Our ecological crisis is also a ‘crisis of forgetfulness’… we have forgotten how sacred the nature of creation is,” Iraqi-British writer, Dalia Al-Dujaili, reminds us in Babylon, Albion

Although I read this in a perfect setting on a weekend getaway — amidst soothing sounds of nature, enveloped by clean air, and surrounded by mountains blanketed by mist — this ‘crisis of forgetfulness’ where the greed of many has replaced the sanctity of nature manifests in international and national news, and in the floodwaters that lap on my own doorstep back home. 

Readers who find the lyrical wisdom of Aimee Nezhukumatathil refreshing will surely love this wholesome rumination into identity, migration, land, rivers, borders, national and personal myths, familial and arboreal roots, and humanity’s natural heritage. While these somber topics usually weigh down on the reader, Al-Dujaili imparts a hopeful outlook while encouraging us to make our very own existence into a form of praise, and challenging us to scrutinize how we carry identity. Needless to say, Babylon, Albion was a profoundly beautiful way to end August.

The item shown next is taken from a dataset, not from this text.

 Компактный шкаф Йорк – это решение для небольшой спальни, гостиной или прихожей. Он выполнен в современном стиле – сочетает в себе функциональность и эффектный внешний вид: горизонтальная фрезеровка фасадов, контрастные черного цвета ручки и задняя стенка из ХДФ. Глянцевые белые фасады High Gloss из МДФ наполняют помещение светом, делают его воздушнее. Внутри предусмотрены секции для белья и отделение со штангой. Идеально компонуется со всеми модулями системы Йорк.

August is Women in Translation Month and Buwan ng Wika (National Language Month). To celebrate the latter: Munting Aklat ng Baybayin by Ian Alfonso. No better way than through learning more about our pre-colonial script! To celebrate the former: Iman Mersal’s Traces of Enayat and Lydia Sandgren’s Collected Works.

“The best investigative reporting is storytelling,” says journalist Jane Mayer. Traces of Enayat is proof of this as Iman Mersal takes the reader on a quest to find traces of Enayat, an Egyptian writer who took her own life in 1963. Mersal affectingly expresses the attachment and resonance we find in the authors we encounter and whose works derail us from an otherwise uneventful trajectory. It also begs the question: How many Enayats has the world lost into oblivion?

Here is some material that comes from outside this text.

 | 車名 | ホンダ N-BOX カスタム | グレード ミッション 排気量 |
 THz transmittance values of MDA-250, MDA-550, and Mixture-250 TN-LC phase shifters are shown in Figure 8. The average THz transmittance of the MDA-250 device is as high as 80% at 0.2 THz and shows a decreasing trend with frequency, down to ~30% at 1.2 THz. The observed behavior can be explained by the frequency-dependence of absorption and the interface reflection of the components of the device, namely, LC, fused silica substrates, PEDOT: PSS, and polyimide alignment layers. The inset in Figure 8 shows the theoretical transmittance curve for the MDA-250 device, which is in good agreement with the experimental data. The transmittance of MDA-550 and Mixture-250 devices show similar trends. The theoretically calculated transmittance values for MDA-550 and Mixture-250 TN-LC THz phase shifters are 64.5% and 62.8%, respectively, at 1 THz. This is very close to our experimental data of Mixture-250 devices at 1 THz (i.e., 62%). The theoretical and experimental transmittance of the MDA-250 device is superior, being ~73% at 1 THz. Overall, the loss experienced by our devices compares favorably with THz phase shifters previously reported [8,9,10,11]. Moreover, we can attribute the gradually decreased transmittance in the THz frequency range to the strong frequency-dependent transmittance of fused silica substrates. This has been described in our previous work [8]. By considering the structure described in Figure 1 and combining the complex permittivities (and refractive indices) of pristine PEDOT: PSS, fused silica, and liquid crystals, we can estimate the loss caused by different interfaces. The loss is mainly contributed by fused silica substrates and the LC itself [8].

As for Collected Works, seven pages shy of six hundred, this novel quietly draws you into its world. It acquaints you with its setting and its characters without haste. It knows how to linger. It lingers on one’s thoughts on literature and art, on a character’s indecision to call someone or not, whether to read a book or not. It often lingers on everyday scenes where words turn into still life paintings and everyday portraits. But these scenes and characters exist in the shadow of Cecilia’s disappearance. Almost fifteen years after she vanished without a trace, her daughter, Rakel, believes it is her missing mother she is reading about in a novel, and measured suspense and mystery begin to replace the monotony of their lives. I would recommend this to the unhurried reader. Ultimately, Collected Works is a meditation on what one’s life amounts to. 

As for reading life in August? This is what it amounted to. It felt very much like a defiance of my country’s frustrating political climate.

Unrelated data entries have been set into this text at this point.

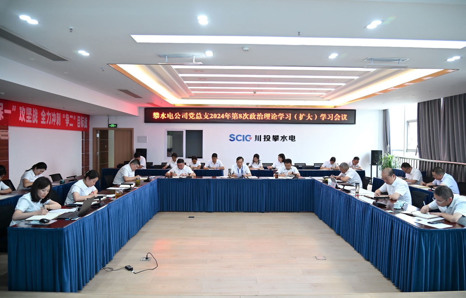 6月25日下午,攀水电党总支在2620会议室召开了2024年第8次政治理论学习(扩大)会议,吃瓜副总经理、攀水电公司党总支书记、董事长徐孝刚主持会议,党总支政治理论学习会成员、全体中干、支部书记、其他党员、统战对象、入党积极分子共30余人参加学习。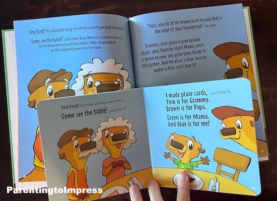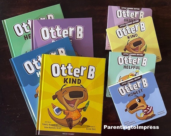 The Otter B series uses an otter’s adventures to focus on biblical character traits such as kindness, honesty, bravery, and helpfulness. I appreciate that the series offers both board books and hardback editions. While the illustrations and storyline are similar, the board books use much simpler text (see image above), making hard concepts accessible for younger children.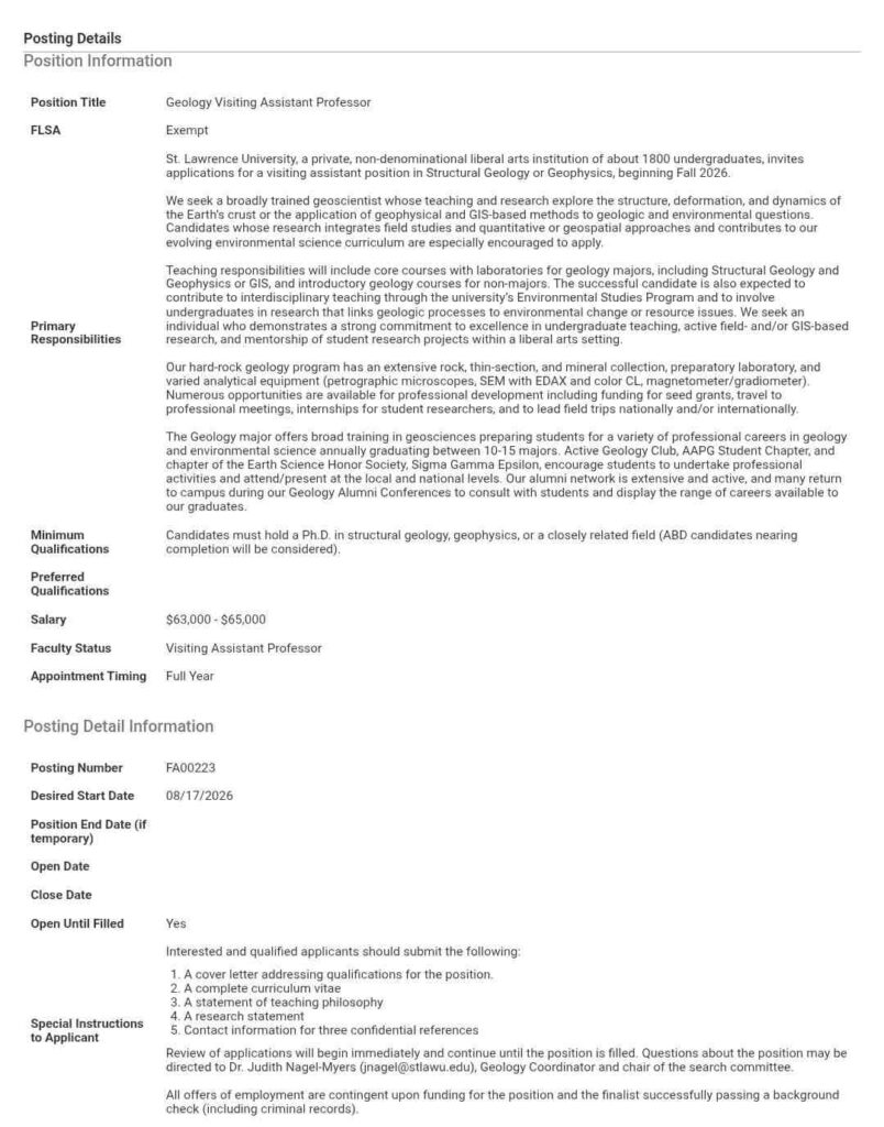 St. Lawrence University Geology Visiting Assistant Professor: Application Process
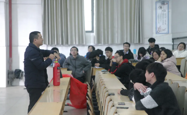 消防安全知识课堂分为理论课堂与实地演练两部分。在理论课堂中,张超教官给普及了同学们的消防安全意识,讲解操作和使用各种工具正确方法,并向师生强调了演练注意事项。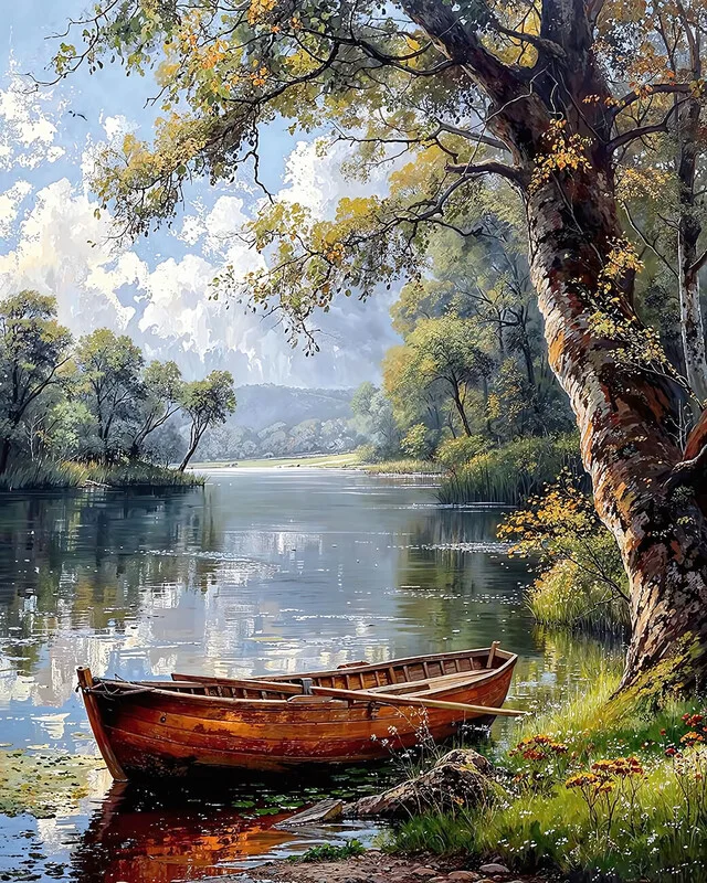 Canvas Print A Boat Anchored at the River's Edge in a Forest, wall decor
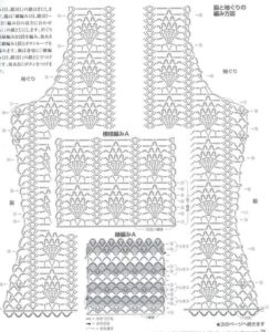 Costas: use a ag. de crochê de 2,0 mm e o fio Cléa Duplo (3106). Inicie a peça pela parte inferior, trab. um cordão de 107 corr. Sobre o cordão, trab. no p. fantasia (A) acomp. o diag. e os pts. de rep. da 1ª até a 11ª carr. Na carr. seg., prossiga no p. fantasia (B) acomp. o diag. 2 e os pts. de rep. da 12ª até a 64ª carr. Rem. o fio e reserve a peça.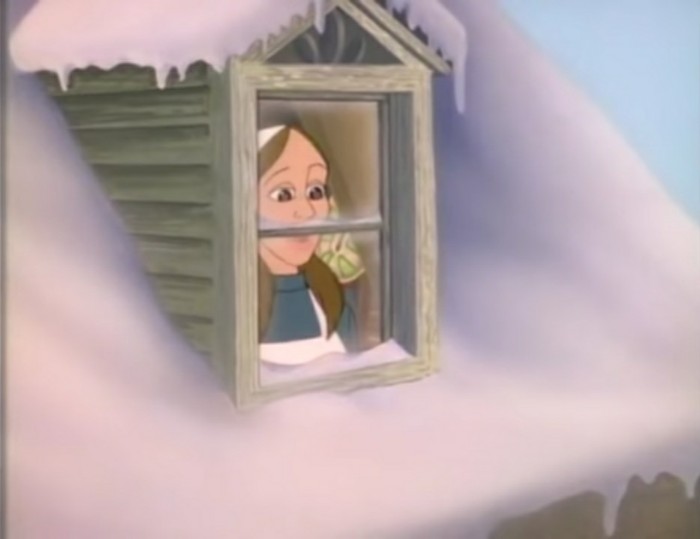 Next we see Judy at her snowy Garret window looking out at the children as they play with Mrs. Hopewell one last time, impotently bemoaning the cruelty of Malvilda's schemes instead of grabbing her coat and heading to the nearest neighbor's house to blow the whistle on her by calling up the Mayor and maybe even the local newspaper. She's nominally presented as the "hero" of A Christmas Tree but she's just a meek, passive little wallflower, craven and spineless, utterly lacking the strength to follow through on her alleged convictions.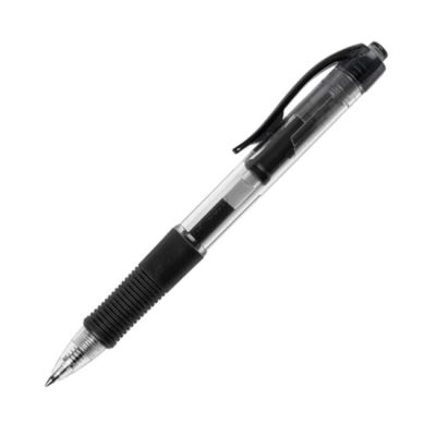 Gélové pero s transparentným telom a vrchnákom vo farbe náplne, priemer guľôčky 0,7 mm, farba čierna.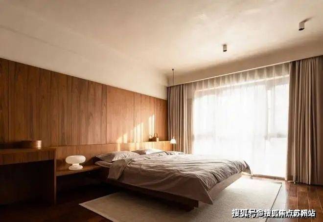 主卧干净明亮,顶面很平整,奶油色的乳胶漆。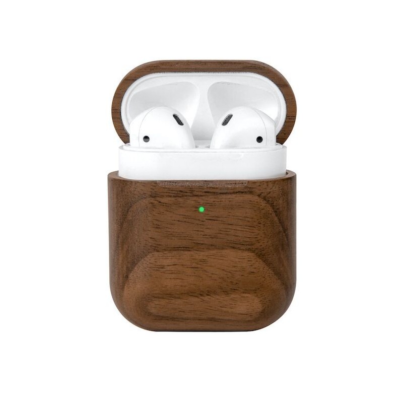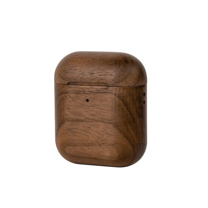 Capa para AirPods em madeira com presilha traseira em cabedal. Tem orifícios para colocar fita de suspensão (não incluída), suporta carregamento Qi.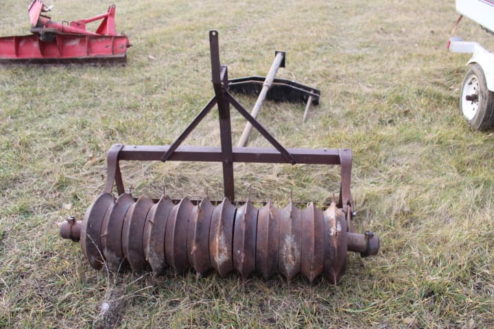 HAYING EQUIPMENT & OTHER EQUIPMENT: JD #535 Round Baler, Twine Tie, SN: 848036; NH #116 Hay Bine w/ Crary Dbl. Sickle Bar, 16’ Head, Rubber on Rubber, SN: 580403; IH PT 5 Bar Side Del. Rake; PT 10’ Box Scraper; NH Pt Manure Spreader – 10’; JD BW 14’ Disk w/ 12’ Front; PT 10’ Packer w/ Chain Drags; Land Pride 3 Pt. Post Hole Digger w/ 9” Bit; 3 Pt. Ditcher; 3 Pt. Driveway Angle Blade, 6’; Bucket Mt. Bale Spear;
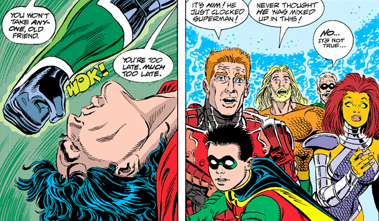 The new and improved Waverider’s sudden appearance is a great visual, but nothing compares to a couple pages later where we see who has the power to KO Superman. Designed by perhaps my favourite Green Lantern artist Darryl Banks, Parallax Hal Jordan’s costume has always been a favourite of mine (in spite of its ‘90s hallmarks like the giant shoulder armour), and it’s never looked better than here (though for some reason, this Hal has lost his Reed Richards white hair at the temples). Just so we fully understand he’s a villain, he defies not only all of DC’s heroes, but the late great Jim Croce himself by not only tugging on, but—get this–stepping on Superman’s cape. Nihilo sanctum estne, Hal Jordan?

We Wrote in Symbols: Love and Lust by Arab Women Writers

“That’s the thing about love, it likes to leave its mark.” — Nathalie Handal

This collection of writings by Arab women turned out to have more erotic passages than I expected, and the conservative reader who cannot appreciate this as an act of defiance against authoritarian patriarchal societies might prefer to stay away. 

I value this book as a reminder, as the introduction mentions, of how women were writing in Arabic centuries before women began writing in English; and as a reminder of the treasure troves of Arabic literature that hardly make it into our consciousness simply because they are not on the Western radar. 

Poems by Arab women throughout the ages pepper this collection alongside contemporary essays and excerpts from novels, including those by Palestinian authors, Adania Shibli, Suad Amiry, and Naomi Shihab Nye. The translations are no less significant as it has works by Man Booker International Prize awardee, Marilyn Booth, and Ernaux translator, Sophie Lewis.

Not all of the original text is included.